====== SUPPLIED INFORMATION

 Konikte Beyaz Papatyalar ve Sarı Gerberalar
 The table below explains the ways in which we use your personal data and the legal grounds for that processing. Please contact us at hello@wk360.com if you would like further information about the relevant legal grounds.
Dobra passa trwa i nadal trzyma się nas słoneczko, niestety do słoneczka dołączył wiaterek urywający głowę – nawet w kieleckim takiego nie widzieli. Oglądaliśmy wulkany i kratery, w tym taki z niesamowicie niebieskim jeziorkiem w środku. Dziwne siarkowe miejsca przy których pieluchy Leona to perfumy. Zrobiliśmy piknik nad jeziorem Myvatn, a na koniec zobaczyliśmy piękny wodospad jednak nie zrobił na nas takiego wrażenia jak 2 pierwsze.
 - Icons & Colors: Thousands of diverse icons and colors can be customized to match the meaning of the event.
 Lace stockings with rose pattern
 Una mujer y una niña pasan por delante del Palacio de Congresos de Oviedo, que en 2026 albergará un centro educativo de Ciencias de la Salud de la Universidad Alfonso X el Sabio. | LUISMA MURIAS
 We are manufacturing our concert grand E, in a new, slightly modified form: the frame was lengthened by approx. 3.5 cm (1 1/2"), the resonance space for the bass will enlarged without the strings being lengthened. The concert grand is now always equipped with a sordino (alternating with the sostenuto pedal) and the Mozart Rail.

============

> **WHAT THE TASK REQUIRES**
The answer is the lines above between the line holding "Dobra passa trwa" and the line holding "Una mujer y", inclusive, each written out exactly, and no others.

> **RESPONSE TO THIS TASK**
Dobra passa trwa i nadal trzyma się nas słoneczko, niestety do słoneczka dołączył wiaterek urywający głowę – nawet w kieleckim takiego nie widzieli. Oglądaliśmy wulkany i kratery, w tym taki z niesamowicie niebieskim jeziorkiem w środku. Dziwne siarkowe miejsca przy których pieluchy Leona to perfumy. Zrobiliśmy piknik nad jeziorem Myvatn, a na koniec zobaczyliśmy piękny wodospad jednak nie zrobił na nas takiego wrażenia jak 2 pierwsze.
 - Icons & Colors: Thousands of diverse icons and colors can be customized to match the meaning of the event.
 Lace stockings with rose pattern
 Una mujer y una niña pasan por delante del Palacio de Congresos de Oviedo, que en 2026 albergará un centro educativo de Ciencias de la Salud de la Universidad Alfonso X el Sabio. | LUISMA MURIAS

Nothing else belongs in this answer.